= Alexander George Robertson Mackenzie =

Scottish architect (1879–1963)

Alexander George Robertson Mackenzie (12 March 1879 – 20 March 1963) was a Scottish architect.

==Early life==
Born in Aberdeen on 12 March 1879, AGR was the second son of Marshall Mackenzie, architect and his wife, Phoebe Ann Robertson Cooper. He was educated at Gray's School of Art and Aberdeen University and articled to his father in August 1894.

==Professional life==
At the end of his apprenticeship in 1898, he became his father's chief assistant. From 1900, to gain London experience, he worked in the office of Colonel Edis (1839–1927), and studied at the Architectural Association and the Central School of Arts and Crafts. He gained further experience working with René Sergent in Paris and in the London office of Niven & Wigglesworth, before returning to his father's office as a partner in 1902.

AGR was put in charge of a new London office, but continued to spend some time in Aberdeen. The London practice was an immediate success, with commissions for the Waldorf Astoria Hotel in Aldwych and a more prestigious one for Canada House (which was cancelled during World War I). Australia House, also in Aldwych, followed a few years later and was built.
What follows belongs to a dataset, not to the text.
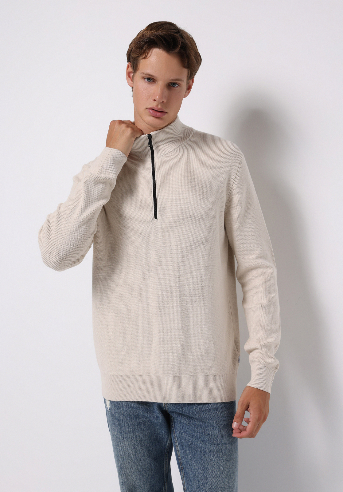 Pulover Crem Barbati: 100% Bumbac

In the 1920s, AGR spent much of his time in the Aberdeen office, where his father was assisted by John Gibb Marr (1890–1983), who was taken into partnership in 1927. The Aberdeen practice remained prosperous, with much conservation work – the main client was the National Trust for Scotland. However, the London practice did not recover its pre-war success. After being restructured several times, 'A Marshall Mackenzie & Son' closed the London office. Mackenzie and his wife moved to Bourtie House, a fine Georgian house, near Inverurie. In Aberdeen he designed the Art Deco style Northern Hotel which was built in 1937–8, retrieved Provost Ross' House from ruin (now part of the Maritime Museum). and the Capitol Cinema. Mackenzie remained in partnership with John Gibb Marr until AGR retired completely in 1960.

==Personal life==
During the First World War, AGR enlisted in the London Scottish Regiment and was severely wounded, losing most of a leg. Invalided out, he returned to work with his father. He died on 20 March 1963, after major surgery and is buried at Bourtie churchyard.

==Honours==
AGR was admitted ARIBA in 1901 and elevated to FRIBA in 1913.